Currently Digger supports only 2 types of policies:

  • Plan policy (that's checking plan output)
  • Access policy (that's checking who can do what, e.g. whether or not an Apply can run)

But what if a malicious actor tries to run plan using a provider containing a data source with arbitrary code?

Checking the required providers block is not enough; providers can also be referenced by external modules.

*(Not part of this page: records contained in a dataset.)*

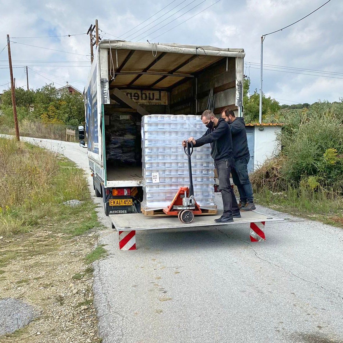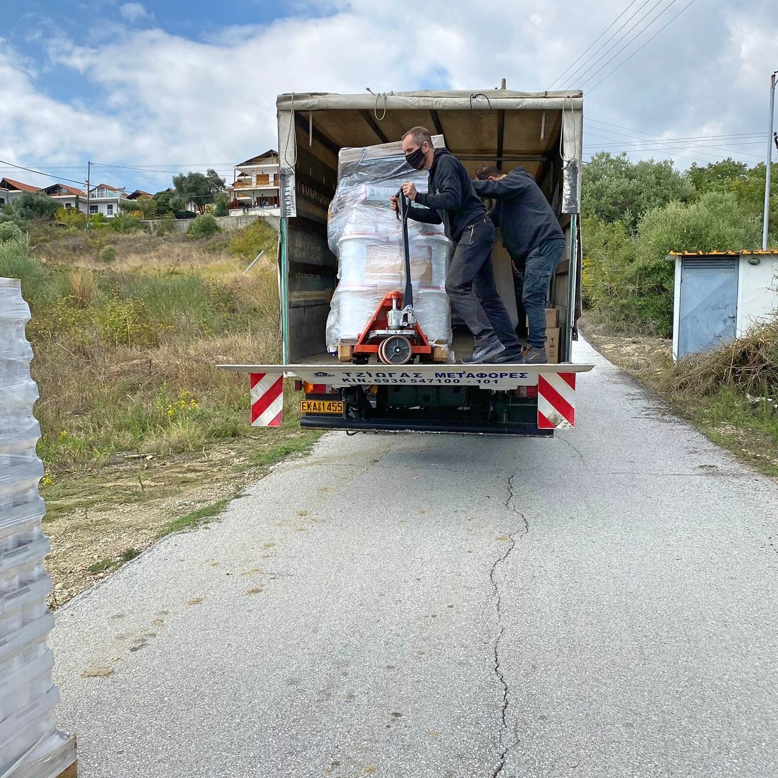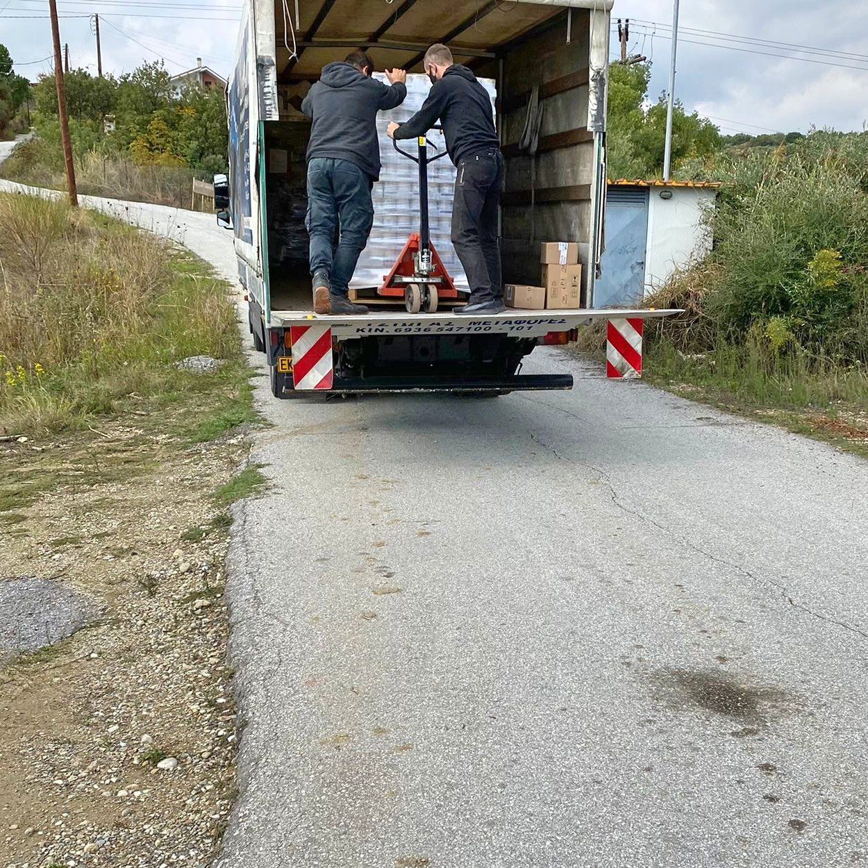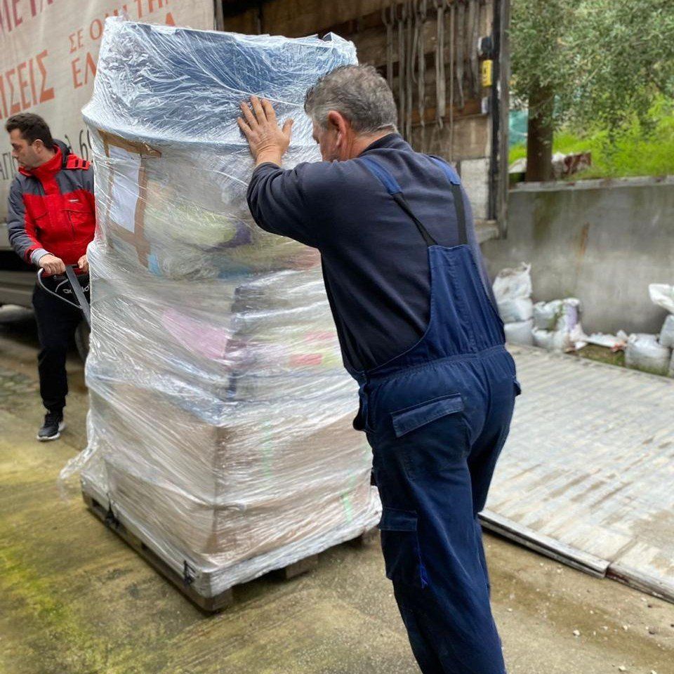Die Paletten sind in Kavala angekommen und können nun ausgepackt werden. Aliki schreibt:
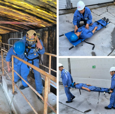 8月13日,水处理班组组织开展硫化氢中毒现场处置演练,本次演练模拟水处理班组一名当班人员在作业过程中,不慎接触硫化氢气体导致中毒昏迷的真实场景。演练现场,各应急救援小组分工明确、配合默契,从现场警戒、有毒气体检测,到佩戴防护装备施救、心肺复苏急救,再到伤员转运,全程严格遵照应急预案及操作规程推进,流程紧凑高效。此次演练提升了员工应对此类事故的协同处置能力,为守护公司员工生命健康筑牢了坚实防线。
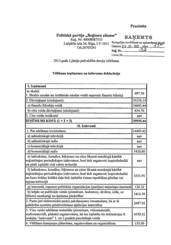 Politiskās partijas "Reģionu Alianse" 2013.gada 1.jūnija pašvaldību vēlēšanu ieņēmumu un izdevumu deklarācija

More details in the Doordash Engineering blog

Workaround via Inline Policies

Similar to what the Doordash team did with Atlantis - using custom commands and inline policies in the Digger workflow:

workflows:
  with-preplan-conftest:
    plan:
      steps:
        - init
        - run: conftest test \
	    --update s3::https://s3.amazonaws.com/bucket/opa-rules \
	    --namespace terraform.providers .terraform.lock.hcl`
        - plan
        

However, this approach has the same drawbacks as any other use case for inline policies:

  • manual scripting of the custom step
  • policies need to be updated in the S3 bucket separately
  • no way to nicely show the erros to the user

From Digger perspective, inline policies is just a script; it doesn't know anything about what this script does. So this fixes the security issue, but not in the most helpful way.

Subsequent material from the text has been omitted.